Practical Validation: When integrated with planning models like GPT-5, Gelato-30B-A3B improved success rates on OS-World computer-use tasks, demonstrating that better grounding directly translates to stronger end-to-end agent performance.

Future Directions and Applications

Gelato-30B-A3B opens new possibilities for practical AI agent deployment. As this technology matures, we can anticipate AI assisting with or executing computer operations across increasingly diverse scenarios—from simple data entry tasks to complex workflow automation, spanning desktop applications to specialized professional software.

For developers and organizations, this technology enables the creation of more intelligent and reliable automation solutions, reducing repetitive manual operations while improving efficiency and accuracy.

Frequently Asked Questions

How does the Gelato model differ from general visual language models?

Gelato is specifically optimized for GUI grounding tasks, processing screen captures and text instructions to output precise click coordinates. General visual language models typically address broader visual question-answering tasks and demonstrate lower precision for specialized GUI operations. By training on the high-quality Click-100k dataset, Gelato outperforms much larger general visual language models on GUI grounding tasks.

How can I use the Gelato model for custom tasks?

The Gelato model is readily accessible through the Hugging Face platform. The implementation process involves loading the model, preparing screen captures and text instructions, and calling the model to generate coordinate predictions. For integration into AI agent systems, Gelato typically functions as a grounding module alongside planning models like GPT-5, with the planning model determining high-level action sequences and Gelato resolving these into specific operations.

Is Gelato’s accuracy sufficient for real-world applications?

While Gelato achieves 60%-75% accuracy on benchmarks—representing current state-of-the-art performance in the challenging GUI grounding domain—practical applications can employ multiple strategies to enhance overall system reliability. These include combining various verification mechanisms, implementing fallback strategies, or incorporating human review for critical tasks. As technology continues advancing, these accuracy rates are expected to improve further.

What types of applications can Gelato handle?

Gelato has been trained on diverse application data, including web browsers, office software, and system utilities. Through the inclusion of professional application tutorial data, it has also developed capabilities with specialized software tools. However, for highly specialized or newly emerging applications, additional fine-tuning or domain-specific data augmentation may be necessary.

What format do the model’s output coordinates use?

The Gelato model outputs normalized coordinate values ranging from 0 to 1000. In practical applications, these normalized coordinates must be converted to absolute coordinates based on actual screen or image dimensions.
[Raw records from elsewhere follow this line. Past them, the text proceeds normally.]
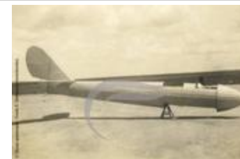
[VIDE] (2 NUM 85)
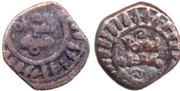
تصویر ۶. سکه مسی غزنوی از مسعود بن ابراهیم سوم، دفتر هند، IOLC.6383، ۲/۸۱ گرم، ۱۰ میلی متر
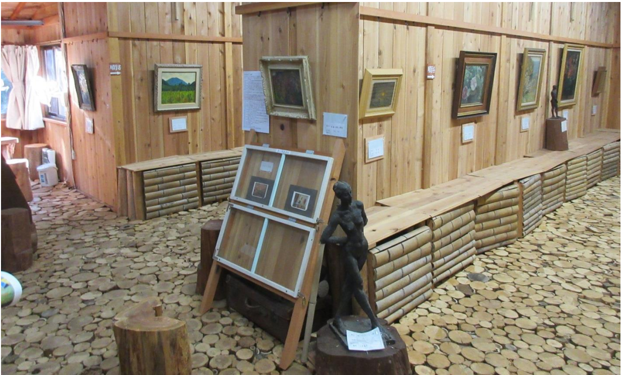
房総郷土美術館内の様子
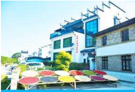
หมู่บ้านโบราณ สือเหมินซุน
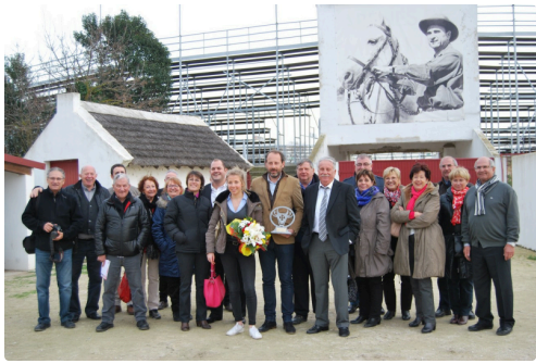
Les Amis du Lartet étaient nombreux a Méjanes
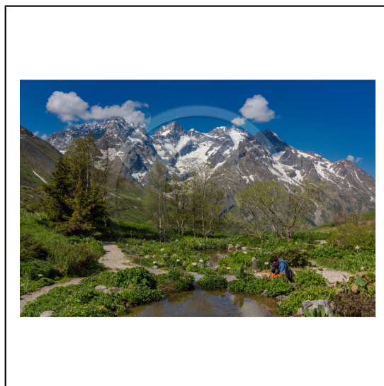
Hautes-Alpes (05), Villar d'Arène, col du Lautaret, Station alpine Joseph Fourier, Jardin Botanique Alpin du Lautaret et la massif de la Meije // Hautes-Alpes (05), Villar d'Arene, Lautaret, Alpine Resort Joseph Fourier, Alpine Botanical Garden Lautaret and the massif Meije
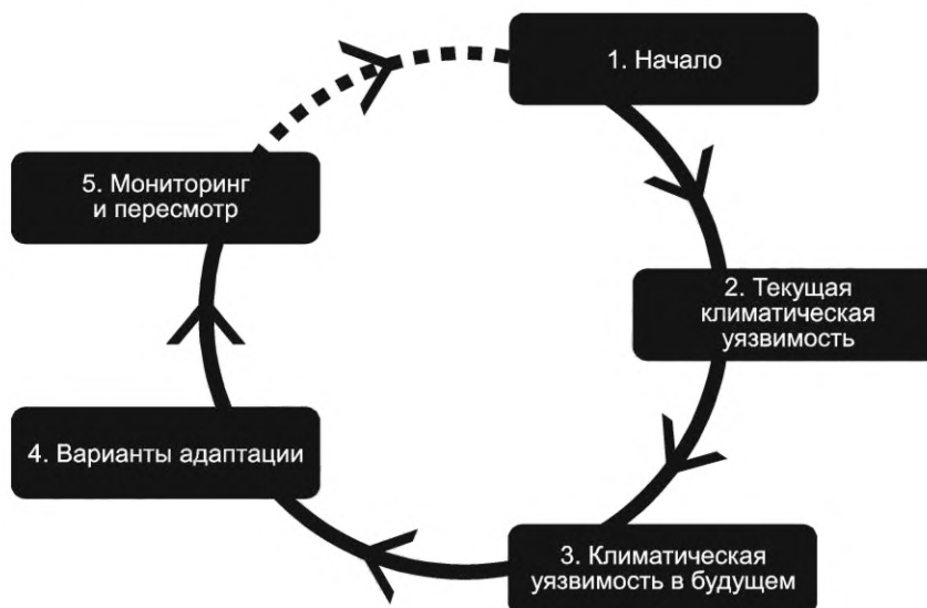
Рисунок В.3 — Мастер адаптации
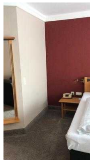
Platz links vom Bett
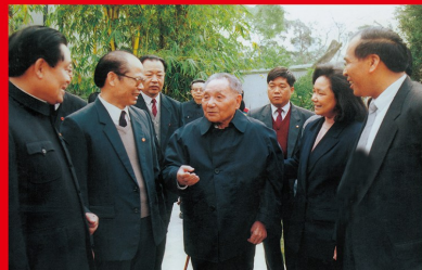
1992年1月18日至2月21日，邓小平同志视察武昌、深圳、珠海、上海等地并发表重要讲话，科学总结党的十一届三中全会以来实行改革开放的基本实践和基本经验，从理论上深刻回答了长期困扰和束缚人们思想的许多重大问题。图为邓小平同志在广东省视察。
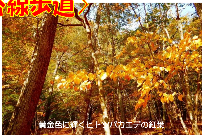
黄金色に輝くヒトツバカエデの紅葉
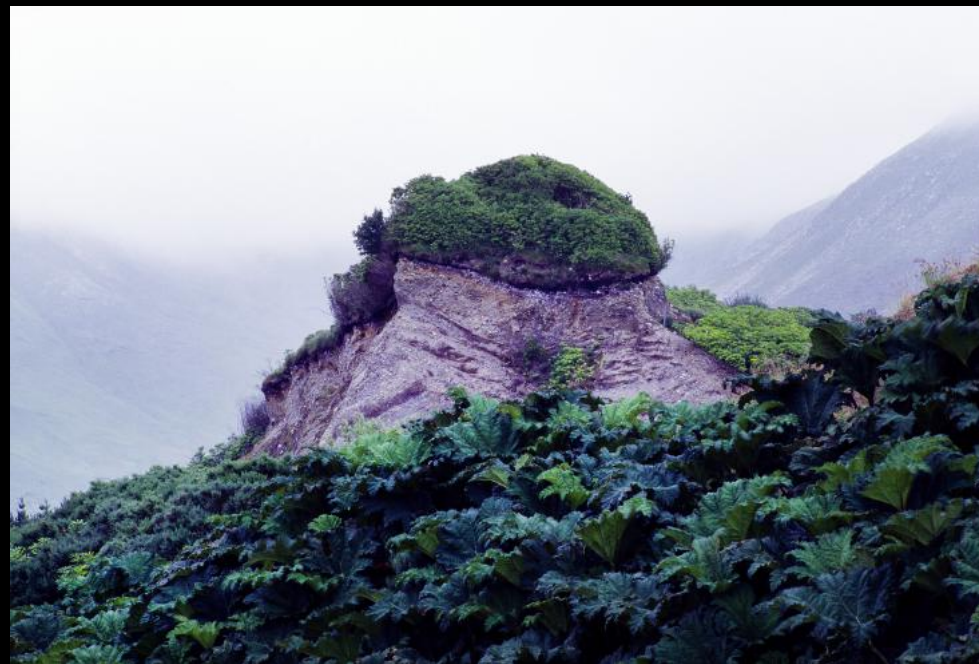
Felsen mit Bewuchs auf der oberen Seite
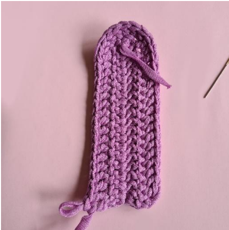
9. 16 p. 1 p kkjs:aan. Käännä työ
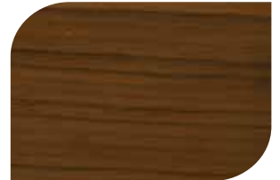
ทับด้วย สีสกัดทอง #8000
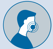
Pérdida reciente del olfato o el gusto

Esta lista no incluye todo. Se han notificado otros síntomas menos comunes, incluidos síntomas gastrointestinales como náuseas, vómitos o diarrea.

For example, with an image width of 1920 pixels, an x-coordinate of 500 would correspond to 960 pixels (500/1000 * 1920).

Conclusion: The Future of Human-Computer Interaction

Gelato-30B-A3B represents a significant advancement in GUI grounding technology. Through the combination of high-quality datasets, carefully designed model architecture, and effective training methodologies, it establishes new standards for graphical user interface element localization.

This technological progress not only pushes the boundaries of AI agent capabilities but also lays the foundation for future intelligent and autonomous computer-use systems. As open-source community participation increases and research continues advancing, we can anticipate practical applications based on this technology emerging, fundamentally transforming how we interact with computers.

For AI researchers and developers, Gelato-30B-A3B provides a powerful tool for building more intelligent and reliable automation solutions, driving the practical application of AI technology in daily life and work environments.